I’ve written about 140k of the first book of my trilogy and have covered about 1/3 of the story. I discovery write and skip around to whatever shiny scene is calling to me at the time. For the past year or two my writing has been practically nonexistent as I’ve run out of shiny, fun stuff to write about. All that’s left is the necessary development and plot stuff that I hate writing, most of which I have absolutely no idea how to execute.
I wrote maybe 10k last year and have written maybe a thousand this year as it’s getting increasingly difficult for me to find things I enjoy writing in order to fill the gaps. Today was the first time I wrote something in a couple weeks. I wrote about two notebook pages (idk wordcount) for an important scene, but it was like pulling teeth to just get that much done—and I haven’t even gotten to the important part yet. I know it’s good that I got two more pages down, but even doing that little was more effort than it’s worth and I’m barely marginally closer to having my story done. No plot or character development happened, the main stuff I’m missing to make this a complete narrative, and when I try to coax myself into writing the (plot) stuff I really don’t like writing, I’m not even able to get that far. It feels like there’s nothing left in the story I could enjoy writing, so I’m either left with an incomplete book I’ll never be able to read in full (let alone the entire trilogy) or spend years painstakingly writing stuff I don’t enjoy.

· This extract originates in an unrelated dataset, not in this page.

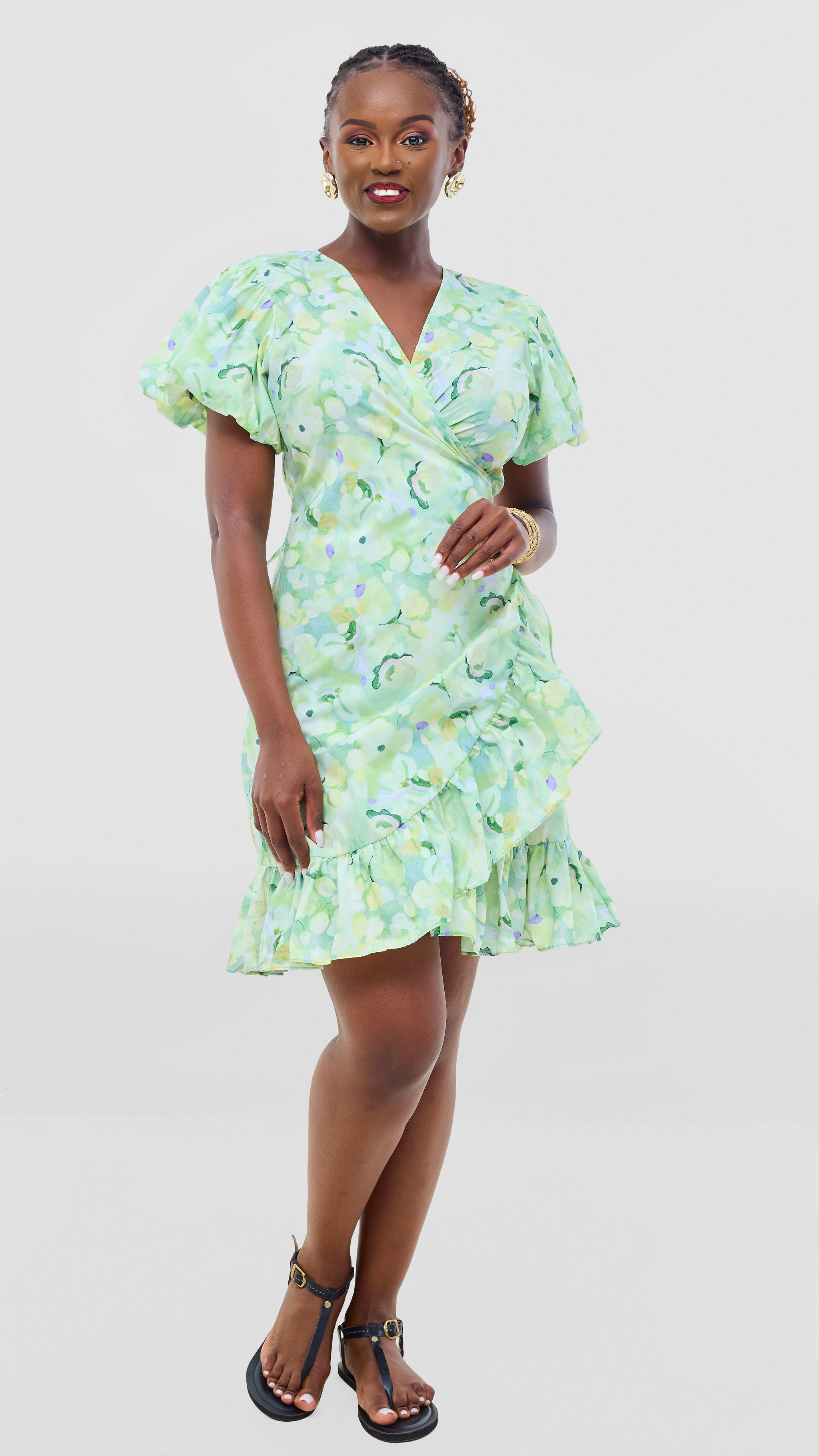 Embrace relaxed sophistication with this cotton wrap dress that adapts to your lifestyle. Constructed from soft, breathable cotton fabric, it offers all-day comfort without compromising on style. The knee-length cut paired with charming ruffles creates a feminine silhouette that feels both modern and timeless. The vibrant orange and green print brings warmth and personality to your wardrobe. Dress it down with casual sandals for weekend errands, or elevate it with heels for evening plans. This is the one piece that bridges your casual and dressy moments, delivering effortless elegance whenever you need it.

I wish I could be like King or Sanderson and be able to spend hours writing and creating stories for the fun/love of it, but I’ve long realized that’s not me. Years ago I acknowledged that writing other/different stories wouldn’t work out and this is the only story for me, but I just wish I could have it done so I could relax and read it. Skipping around and writing the shiny scenes are the only way I could’ve gotten these ~140k words, so I don’t regret it, but if I already ate the handful of dessert and all that’s left is the mounds upon mounds of vegetables, I’m not sure if I should just go to bed hungry and call it a loss.